O pedido pode ser registrado junto à instituição financeira em até 80 dias após a transação, mas o próprio Banco Central recomenda agir o mais rápido possível.

Ao receber a contestação e enquadrar o caso no MED, as instituições envolvidas podem bloquear recursos existentes na conta do recebedor enquanto analisam a suspeita.

Se a fraude for confirmada, o dinheiro poderá ser devolvido integral ou parcialmente, dependendo da disponibilidade de recursos na conta envolvida.

Por isso, quanto menor for o intervalo entre o golpe e a comunicação ao banco, melhor.

MED garante que o dinheiro será recuperado?

Não.

O MED aumenta as possibilidades de recuperação, mas não representa garantia de ressarcimento.

Se os criminosos retirarem rapidamente o dinheiro da conta utilizada no golpe, pode não existir saldo suficiente para realizar a devolução naquele momento.

O mecanismo prevê procedimentos de bloqueio e, em determinadas situações, devoluções posteriores caso novos recursos sejam encontrados.

Isso explica por que comunicar o banco imediatamente é tão importante.

Também é importante registrar boletim de ocorrência

Além de procurar a instituição financeira, a orientação do Banco Central é registrar um boletim de ocorrência, apresentando informações e documentos que ajudem a comprovar a fraude.
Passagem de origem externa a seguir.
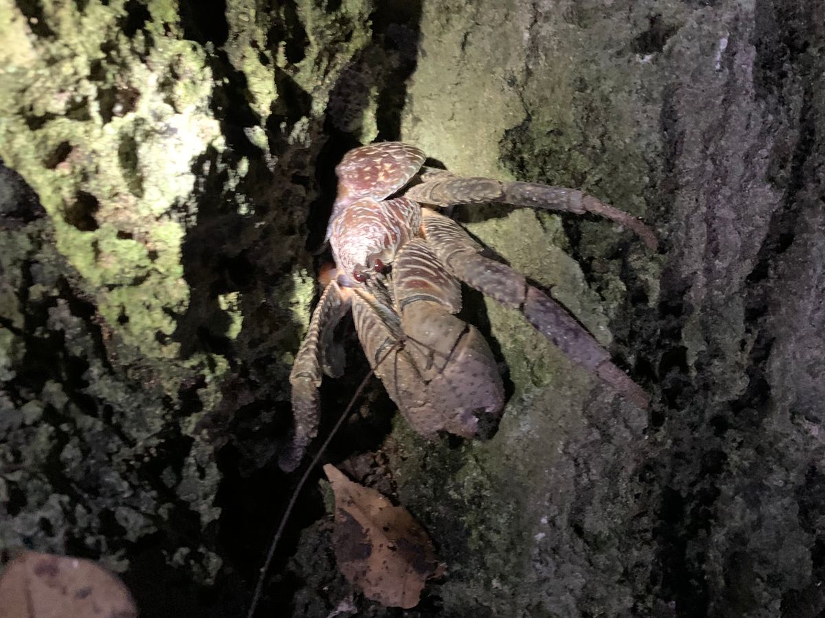 到着したら、ジャングルの中を進みながら、虫やヤシガニをガイドさんや自分たちで見つけるスタイルでした(本当に暗く足元も悪いので怪我をしないように気をつけてください)。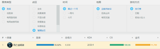 符能回声 是AP打野必备,蓝色打野刀的减速效果,可以让死歌的抓人能力更强。 鬼书 的属性全面,而且带有重伤效果,打坦方面非常出众。后续可以选择提升法强的 帽子 ,或者增加团战进场能力的 沙漏 ,以及有更好穿透的法穿棒。 小结LOL里胜率一直是很神奇的东西,分段的差异导致一个英雄并不能适应所有分段,找准自己的段位,有针对的练习英雄才能最大程度的提高自己的胜率。 |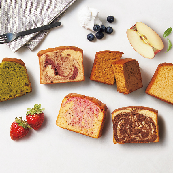 フルーツを混ぜ込んだ大きなしっとりパウンドケーキです。ずっしりとしたサイズ感ですが、ふんわり軽い食感で意外にぺろりと食べられます。朝食代わりやデザートにも。フルーツとフレーバーが組み合わさったそれぞれの味わいをお楽しみください。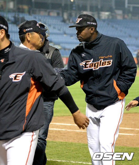 경기후 한화 김성근 감독이 유먼과 하이파이브를 하고 있다./jpnews@osen.co.kr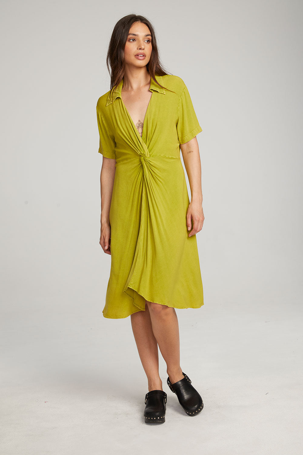 Step into the spring looking effortlessly chic in the Elsa Midi Dress in citron. Capture the essence of the new season with this midi's lively color and cool stitch detail that exudes a Southern Californian laid-back energy.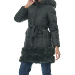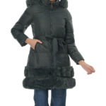 Μπουφάν πράσινο με αποσπώμενη κουκούλα με λούτρινη γούνα.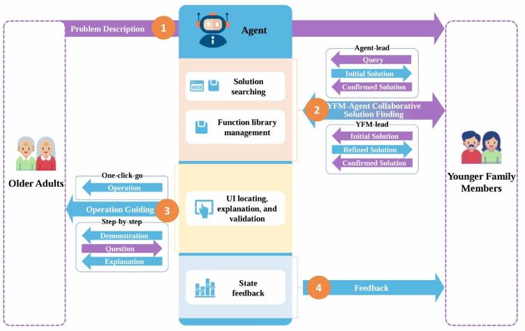 本研究通過(guò)多模態(tài)大模型(MLLMs)與人機(jī)交互和計(jì)算機(jī)支持協(xié)同工作理論,開(kāi)發(fā)了一款面向老年群體與年輕家庭成員的智能手機(jī)使用支持系統(tǒng)——WePilot。論文聚焦于老年人在智能手機(jī)使用中因知識(shí)有限、記憶力下降及信息處理能力減弱所面臨的挑戰(zhàn),并分析了年輕家庭成員在提供技術(shù)支持時(shí)遇到的時(shí)間、知識(shí)和設(shè)備界面差異等問(wèn)題。針對(duì)傳統(tǒng)支持方式(如直接電話(huà)指導(dǎo)或在線(xiàn)教程)在效率和個(gè)性化方面的不足,研究提出了一種基于聊天機(jī)器人調(diào)解的協(xié)作支持機(jī)制。WePilot通過(guò)智能化的解決方案查找模塊、操作引導(dǎo)模塊和反饋模塊,結(jié)合逐步指導(dǎo)和一鍵式操作模式,彌合了老年人與年輕家庭成員在支持時(shí)間、指導(dǎo)粒度和知識(shí)水平上的差距。實(shí)驗(yàn)結(jié)果表明,WePilot顯著降低了雙方的支持負(fù)擔(dān),提升了老年人的操作準(zhǔn)確性和學(xué)習(xí)信心,同時(shí)促進(jìn)了代際情感聯(lián)結(jié)。研究不僅驗(yàn)證了聊天機(jī)器人在遠(yuǎn)程技術(shù)支持中的潛力,也為設(shè)計(jì)智能化、老年友好的技術(shù)支持系統(tǒng)提供了新視角,推動(dòng)了AI在老年學(xué)和人機(jī)交互領(lǐng)域的跨學(xué)科應(yīng)用。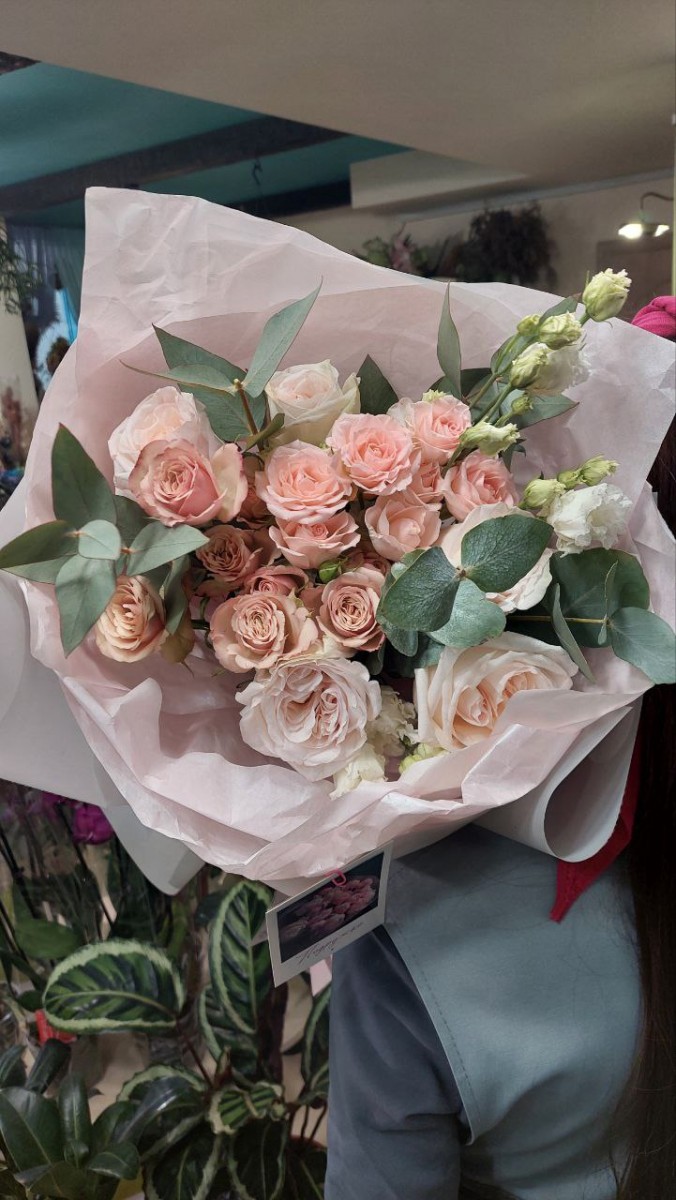 Букет с пионовидными розами Вайт Охара, Дастини, кустовой розой, эустомой и эвкалиптом
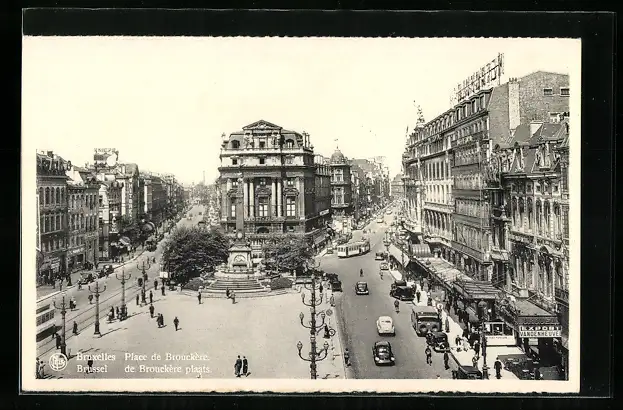 AK Bruxelles, Place de Brouckere, Strassenbahn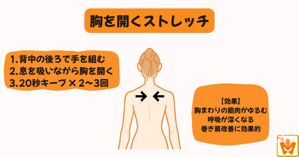 胸が開くだけで、肩の位置が後ろに戻り猫背が自然と改善しやすくなります。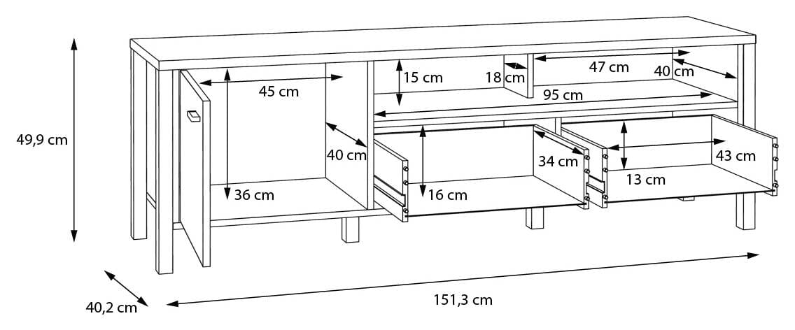 - Maße: B/H/T 151,3 x 49,9 x 40,2 cm

Guarde tudo o que estiver relacionado ao golpe, incluindo comprovante do Pix, endereço da página falsa, capturas de tela, conversas, número de telefone utilizado pelos criminosos e eventuais e-mails recebidos.

Essas informações podem ajudar tanto na contestação bancária quanto na investigação.

Caso o problema não seja solucionado, o Banco Central informa que o consumidor ainda pode procurar o Procon, o Poder Judiciário ou registrar reclamação contra a instituição financeira no próprio BC.

Dados verdadeiros não significam que a oferta é verdadeira

O golpe do falso Desenrola explora duas vulnerabilidades ao mesmo tempo: a necessidade de quem busca sair das dívidas e a confiança provocada pela exposição de informações pessoais corretas.

Por isso, o principal cuidado é não utilizar o conhecimento de seus dados como prova de autenticidade.

Um criminoso saber seu nome, CPF ou data de nascimento não significa que ele tenha acesso a um sistema do governo ou do banco.

Da mesma maneira, logotipos, fotos de autoridades e páginas visualmente semelhantes às oficiais podem ser copiados.

Diante de uma proposta de renegociação, a confirmação deve ocorrer diretamente com a instituição credora.

E há uma regra simples para o caso específico do Novo Desenrola Brasil: o governo não cobra taxa de adesão e não exige Pix enviado por links para liberar uma renegociação.